Hey, i’m a software developer and i’m considering trying to build a site using ActivityPub, but i have a few concerns about it. My first concern is that if the platform is open source someone can host a malicious version of it, where certain requests may be ignored (such as deletion).

This leads into my next concern which is GDPR, because now i can’t be certain that a users data gets deleted upon their request and i’m not certain whether i would be liable since my instance federates with the malicious instance (which may also not be hosted in the EU which is itself problematic, and even if i’m not liable it’s still not great).

I considered if it was viable to make the platform invite based somehow, so that it doesn’t federate with everything by default, but that also sort of defeats the purpose of using ActivityPub.

The loss of control over content is also something that i don’t particularly like, since some people may use their own instance for harassment or something else gross, but i guess that wouldn’t be my problem since i just wrote the code and wouldn’t have anything to do with the hosting of such sites.

i’d appreciate any feedback since i think the technology and the fediverse is very interesting, i would definitely like to try it out, but i’m not sure how to go about these challenges.

  • SkyNTP@lemmy.ml
    link
    fedilink
    English
    arrow-up
    6
    ·
    edit-2
    1 year ago

    My first concern is that if the platform is open source someone can host a malicious version of it, where certain requests may be ignored (such as deletion).

    Just so you know, this is not a fefiverse specific issue. Third party websites have cropped up to scrape sites like Reddit and post archived versions of undeleted posts for decades. I’m not sure your concern relates to the fefiverse at all.

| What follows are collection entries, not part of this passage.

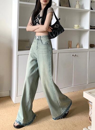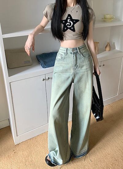 ボトムス レディース ハイウエスト ウォッシュ加工 ワイドデニム ジーンズ ワイドパンツ バギーパンツ スタイルアップ 脚長 美脚 カジュアル かっこいい クール 韓国
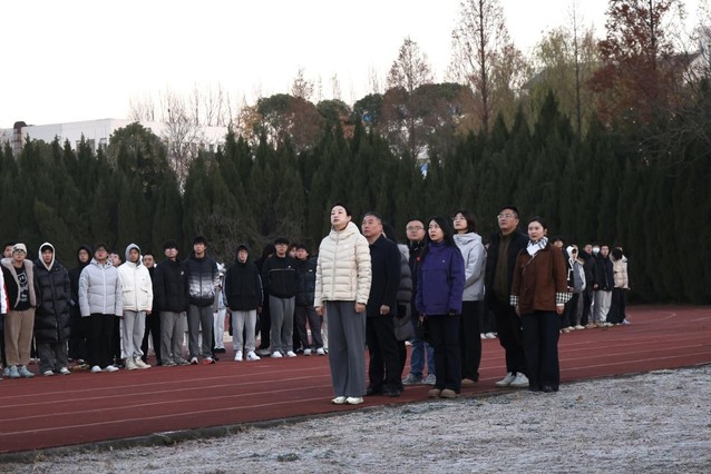 为促进学生德智体美劳全面发展,鼓励学生积极锻炼身体、振奋精神风貌,12月15日清晨,学工处组织的2025年大学生早操评比活动在灵谷寺校区与仙林校区同步启动。校党委副书记、校长吴兵成,党委常委、副校长鲍勤分别赴两校区进行现场指导,学工处、教务处、团委相关负责人组成评审团参与现场打分,各二级学院主要负责人、党总支副书记、新生辅导员及班主任齐聚操场,共同组织并见证这一充满活力的时刻。
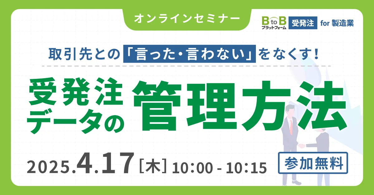株式会社テクノアは、2025年4月17日(木)にオンラインセミナー「取引先との「言った・言わない」をなくす!受発注データの管理方法」を開催します。このセミナーは、特に中小製造業の方々を対象に、受発注業務にまつわる課題の解決方法を提供するものです。

    • shagie@programming.dev
      link
      fedilink
      English
      arrow-up
      4
      ·
      1 year ago

      For one of the OG federated systems, 3rd party Usenet news cancellations were a thing that was dealt with back then too. Many sites not honoring deletion at all to try to stay out of the fray of different groups trying to censor each other (e.g. entities in China trying to cancel any post mentioning Taiwan). It was far easier to not honor deletion at all (or only from trusted spam canceling entities).

      This also touches on the “if deletion is honored, what stops a 3rd party from spoofing a deletion request of your content?”

      For a current instance of Usenet news and their cancel and supersede policy: https://www.eternal-september.org/index.php?showpage=faq#cancellock

      In general, our server does not execute Cancels and Supersedes. An article stored on our server can neither be deleted by a Cancel nor be overwritten by a Supersedes which means that an article deleted by a Cancel message on other servers is still available on our server (article is not deleted) and an article overwritten by a Supersedes elsewhere is available on our server in more than one instance (different versions of the article are not replaced).